29 A method of producing a dehiscent seed plant characterized by having modified tissue dehiscence and modified seed release, which method comprises:
I.) preparing F1 hybrid plants which comprise a mutant allele of a gene encoding a target enzyme, which target enzyme is responsible for either biosynthesis or degradation or inactivation of gibberellins;
II.) analyzing F1 hybrids by screening with DNA markers as defined in claim 25, and selecting hybrids for backcrossing with one parental line;
III.) analyzing DNA markers as defined in claim 25 in individual plants of the Backcross generation and selection of lines with said mutant allele;
IV.) optionally repeating step (III) to generate desired germplasm.

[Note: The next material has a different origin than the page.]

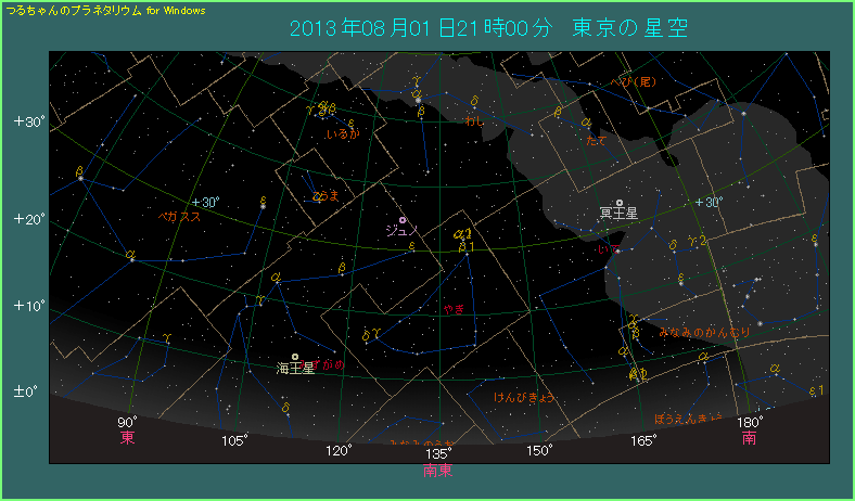 ジュノといえば、セレス、パラス、ベスタとともに、4大小惑星の一つに数えられる大きな小惑星です。といっても小惑星の中では大きいというだけで、直径は234Kmにすぎません。このため他の惑星と違って暗く、肉眼で見つけることはできません。そんなジュノが8月1日に衝を迎えて9.0等まで明るくなり、見つけるチャンスです。空が十分暗い場所からなら双眼鏡でどうにか見つけられる明るさです。しかし、ちょっと光害があったりすると双眼鏡では難しく、天体望遠鏡が必要になりそうです。

30 A kit for assessing the tissue dehiscence phenotype of a plant, the kit comprising at least two primers, said set being selected from the group consisting of:
(i) a set of primers, wherein one of said primers specifically recognizes the 5' flanking region of the mutant allele as defined in claim 25 and the other of said primers specifically recognizes the 3' flanking region of the mutant allele, respectively, (ii) a set of primers, wherein one of said primers specifically recognizes the 5' or 3' flanking region of the mutant allele as defined in claim 25 and the other of said primers specifically recognizes the mutation region of the mutant allele, (iii) a set of primers, wherein one of said primers specifically recognizes the 5' or 3' flanking region of the mutant allele as defined in claim 25 and the other of said primers specifically recognizes the joining region between the 3' or 5' flanking region and the mutation region of the mutant allele, respectively.

31 A method, DNA construct, plant, or use as claimed in any one of the preceding claims wherein the plant is a member of Brassicaceae, and is optionally rapeseed, or is a member of the Fabaceae, and is optionally a soybean, pea, lentil or bean plant.